__TASK TO COMPLETE__. Retype each of the records below exactly, leaving the pictures out.

__DATA FOR THIS EXERCISE__.
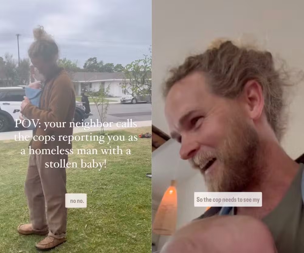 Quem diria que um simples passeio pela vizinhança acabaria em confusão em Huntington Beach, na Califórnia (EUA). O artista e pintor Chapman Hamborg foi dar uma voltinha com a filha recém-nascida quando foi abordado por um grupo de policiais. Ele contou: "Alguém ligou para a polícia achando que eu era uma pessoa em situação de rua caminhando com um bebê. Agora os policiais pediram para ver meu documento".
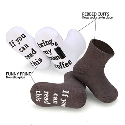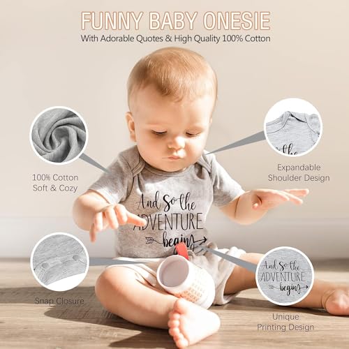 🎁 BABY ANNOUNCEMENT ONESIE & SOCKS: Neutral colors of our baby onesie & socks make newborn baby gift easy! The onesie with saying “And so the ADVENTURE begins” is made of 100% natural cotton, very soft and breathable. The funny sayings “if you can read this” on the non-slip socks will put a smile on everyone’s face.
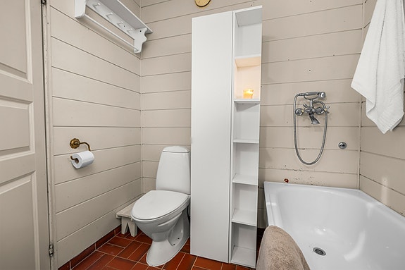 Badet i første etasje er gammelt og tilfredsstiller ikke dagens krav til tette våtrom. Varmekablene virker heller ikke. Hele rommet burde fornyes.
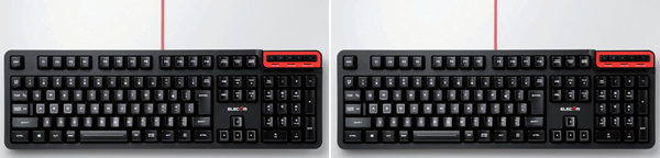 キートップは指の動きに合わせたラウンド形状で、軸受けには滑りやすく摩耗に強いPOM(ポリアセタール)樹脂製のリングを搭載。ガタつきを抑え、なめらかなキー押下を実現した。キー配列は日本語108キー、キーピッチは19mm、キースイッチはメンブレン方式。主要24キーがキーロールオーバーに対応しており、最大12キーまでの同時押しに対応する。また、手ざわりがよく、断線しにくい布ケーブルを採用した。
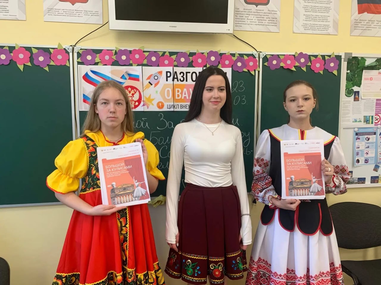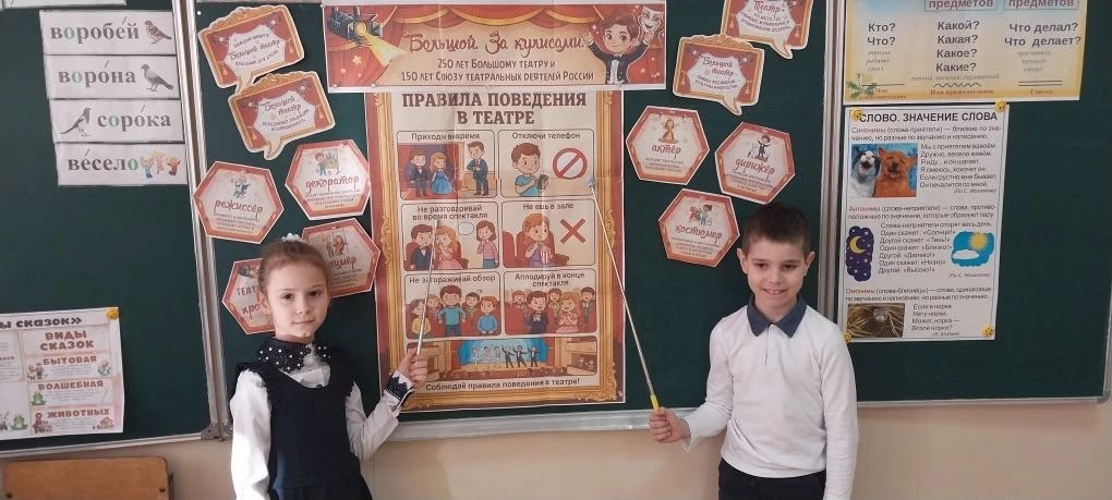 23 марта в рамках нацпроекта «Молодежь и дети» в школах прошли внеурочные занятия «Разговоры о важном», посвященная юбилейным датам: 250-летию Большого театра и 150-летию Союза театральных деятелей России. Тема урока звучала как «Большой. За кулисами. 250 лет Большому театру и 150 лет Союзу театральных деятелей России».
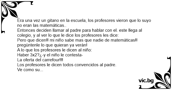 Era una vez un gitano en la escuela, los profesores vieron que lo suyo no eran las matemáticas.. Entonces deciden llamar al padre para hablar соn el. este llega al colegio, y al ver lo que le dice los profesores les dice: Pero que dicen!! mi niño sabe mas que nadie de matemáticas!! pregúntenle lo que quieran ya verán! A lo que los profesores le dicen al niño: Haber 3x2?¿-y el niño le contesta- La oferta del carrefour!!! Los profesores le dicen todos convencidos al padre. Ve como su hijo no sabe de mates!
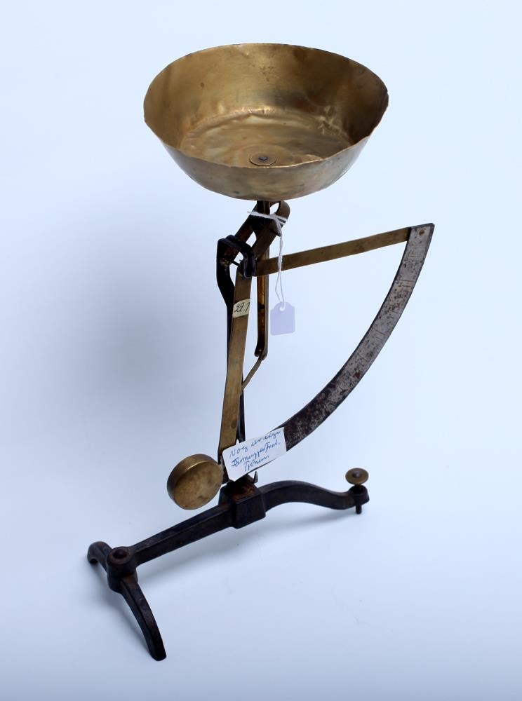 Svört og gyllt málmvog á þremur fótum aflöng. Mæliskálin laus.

__WRITTEN RESPONSE__.
 Quem diria que um simples passeio pela vizinhança acabaria em confusão em Huntington Beach, na Califórnia (EUA). O artista e pintor Chapman Hamborg foi dar uma voltinha com a filha recém-nascida quando foi abordado por um grupo de policiais. Ele contou: "Alguém ligou para a polícia achando que eu era uma pessoa em situação de rua caminhando com um bebê. Agora os policiais pediram para ver meu documento".
 🎁 BABY ANNOUNCEMENT ONESIE & SOCKS: Neutral colors of our baby onesie & socks make newborn baby gift easy! The onesie with saying “And so the ADVENTURE begins” is made of 100% natural cotton, very soft and breathable. The funny sayings “if you can read this” on the non-slip socks will put a smile on everyone’s face.
 Badet i første etasje er gammelt og tilfredsstiller ikke dagens krav til tette våtrom. Varmekablene virker heller ikke. Hele rommet burde fornyes.
 キートップは指の動きに合わせたラウンド形状で、軸受けには滑りやすく摩耗に強いPOM(ポリアセタール)樹脂製のリングを搭載。ガタつきを抑え、なめらかなキー押下を実現した。キー配列は日本語108キー、キーピッチは19mm、キースイッチはメンブレン方式。主要24キーがキーロールオーバーに対応しており、最大12キーまでの同時押しに対応する。また、手ざわりがよく、断線しにくい布ケーブルを採用した。
 23 марта в рамках нацпроекта «Молодежь и дети» в школах прошли внеурочные занятия «Разговоры о важном», посвященная юбилейным датам: 250-летию Большого театра и 150-летию Союза театральных деятелей России. Тема урока звучала как «Большой. За кулисами. 250 лет Большому театру и 150 лет Союзу театральных деятелей России».
 Era una vez un gitano en la escuela, los profesores vieron que lo suyo no eran las matemáticas.. Entonces deciden llamar al padre para hablar соn el. este llega al colegio, y al ver lo que le dice los profesores les dice: Pero que dicen!! mi niño sabe mas que nadie de matemáticas!! pregúntenle lo que quieran ya verán! A lo que los profesores le dicen al niño: Haber 3x2?¿-y el niño le contesta- La oferta del carrefour!!! Los profesores le dicen todos convencidos al padre. Ve como su hijo no sabe de mates!
 Svört og gyllt málmvog á þremur fótum aflöng. Mæliskálin laus.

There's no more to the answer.